● **DATA**
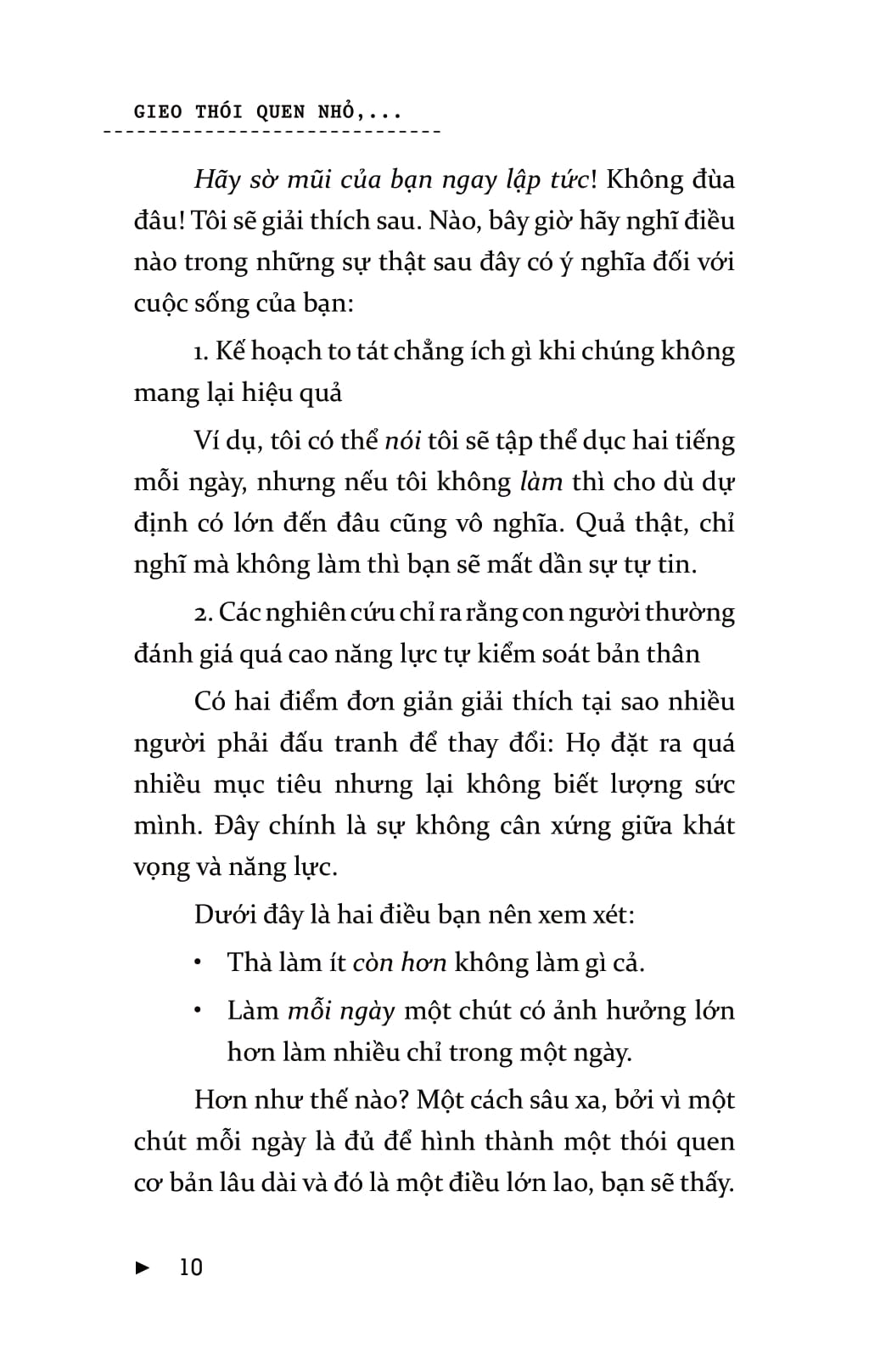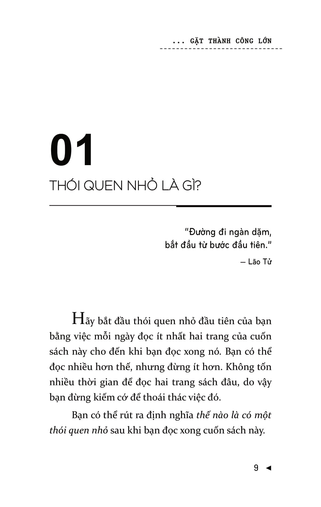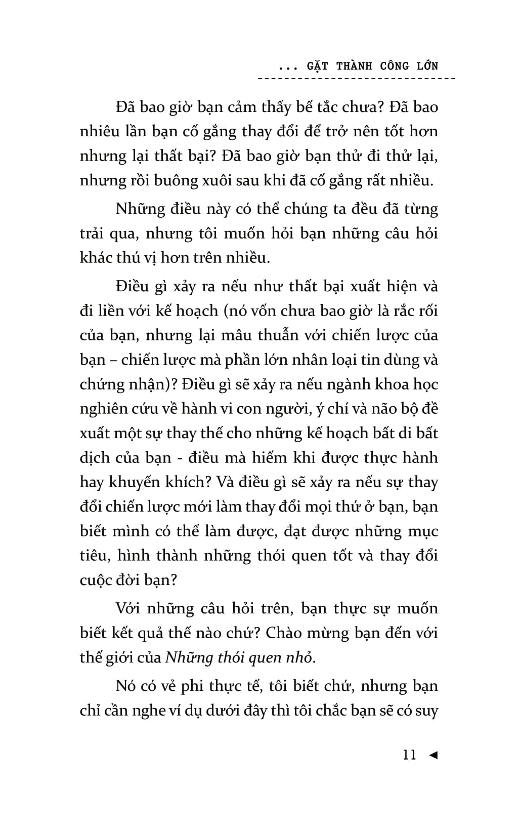 Mọi người thường nghĩ, chính họ là nguyên nhân khiến bản thân không thể đạt được sự thay đổi lâu dài. Nhưng vấn đề ở đây không phải là bản thân họ mà là chiến lược của họ. Bạn có thể đạt được những thành công to lớn mà không chịu bất cứ áp lực nào và sẽ không lặp lại thất bại nhờ những cách thức, phương pháp kiểu như: “lấy động lực”, sự kiên trì, và thậm chí là “làm đại đi”. Để đạt được những thay đổi lâu dài, bạn đừng cưỡng lại bộ não của mình. Khi bạn bắt đầu làm theo những chỉ thị của não bộ – theo dẫn dắt từ Gieo thói quen nhỏ gặt thành công lớn – thì những thay đổi tích cực, lâu dài sẽ không khó để đạt được! Gieo thói quen nhỏ gặt thành công lớn  là cuốn sách khoa học tìm ra sự mâu thuẫn trong hầu hết các chiến lược phát triển bản thân và lý giải nguyên nhân tại sao các thói quen nhỏ lại tạo nên sự thống nhất rõ rệt. Một thói quen nhỏ là hành vi tích cực rất nhỏ mà bạn bắt bản thân phải làm mỗi ngày. Nó “quá nhỏ để thất bại” nhưng lại mạnh mẽ không thể lường trước và là một chiến lược góp phần hình thành nên thói quen ưu việt.Cuốn sách gồm có bảy phần chính. Ba phần đầu của cuốn sách bàn về việc xây dựng thói quen, bộ não, ý chí, động lực và chỉ ra cách chúng liên hệ với nhau. Hai phần tiếp theo bàn về các kết luận mang tính lô-gic và cách khai thác một cách khoa học nhất những thông tin cung cấp. Ba phần cuối hướng dẫn bạn áp dụng những cách thức đó trong cuộc sống.Chiến lược này sẽ giúp cuộc sống của bạn trở nên hoàn hảo hơn 99% số người sống trên hành tinh này.
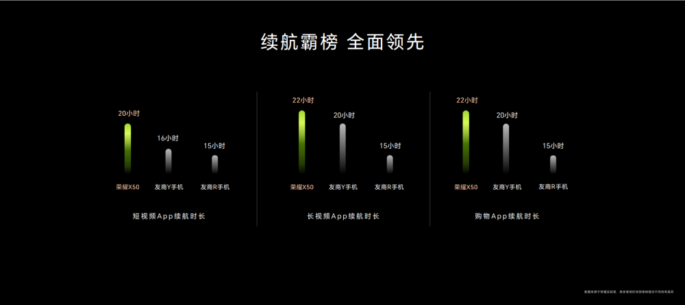 荣耀X50拥有短视频APP续航20小时、长视频App及购物APP续航22小时的水平,表现远超竞品,妥妥的“续航神器”。
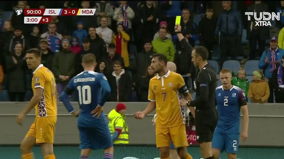Tarjeta amarilla. El árbitro amonesta a Igor Armas de Moldova on September 7, 2019
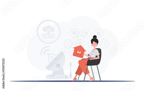 IoT concept. The girl sits in a chair and holds an icon of a house in her hands. Good for presentations. Vector illustration in flat style.

● **TASK TO COMPLETE**
What is needed is the data above, retyped exactly, with every picture left out.

● **SOLUTION FOR THIS PROBLEM**
 Mọi người thường nghĩ, chính họ là nguyên nhân khiến bản thân không thể đạt được sự thay đổi lâu dài. Nhưng vấn đề ở đây không phải là bản thân họ mà là chiến lược của họ. Bạn có thể đạt được những thành công to lớn mà không chịu bất cứ áp lực nào và sẽ không lặp lại thất bại nhờ những cách thức, phương pháp kiểu như: “lấy động lực”, sự kiên trì, và thậm chí là “làm đại đi”. Để đạt được những thay đổi lâu dài, bạn đừng cưỡng lại bộ não của mình. Khi bạn bắt đầu làm theo những chỉ thị của não bộ – theo dẫn dắt từ Gieo thói quen nhỏ gặt thành công lớn – thì những thay đổi tích cực, lâu dài sẽ không khó để đạt được! Gieo thói quen nhỏ gặt thành công lớn  là cuốn sách khoa học tìm ra sự mâu thuẫn trong hầu hết các chiến lược phát triển bản thân và lý giải nguyên nhân tại sao các thói quen nhỏ lại tạo nên sự thống nhất rõ rệt. Một thói quen nhỏ là hành vi tích cực rất nhỏ mà bạn bắt bản thân phải làm mỗi ngày. Nó “quá nhỏ để thất bại” nhưng lại mạnh mẽ không thể lường trước và là một chiến lược góp phần hình thành nên thói quen ưu việt.Cuốn sách gồm có bảy phần chính. Ba phần đầu của cuốn sách bàn về việc xây dựng thói quen, bộ não, ý chí, động lực và chỉ ra cách chúng liên hệ với nhau. Hai phần tiếp theo bàn về các kết luận mang tính lô-gic và cách khai thác một cách khoa học nhất những thông tin cung cấp. Ba phần cuối hướng dẫn bạn áp dụng những cách thức đó trong cuộc sống.Chiến lược này sẽ giúp cuộc sống của bạn trở nên hoàn hảo hơn 99% số người sống trên hành tinh này.
 荣耀X50拥有短视频APP续航20小时、长视频App及购物APP续航22小时的水平,表现远超竞品,妥妥的“续航神器”。
Tarjeta amarilla. El árbitro amonesta a Igor Armas de Moldova on September 7, 2019
 IoT concept. The girl sits in a chair and holds an icon of a house in her hands. Good for presentations. Vector illustration in flat style.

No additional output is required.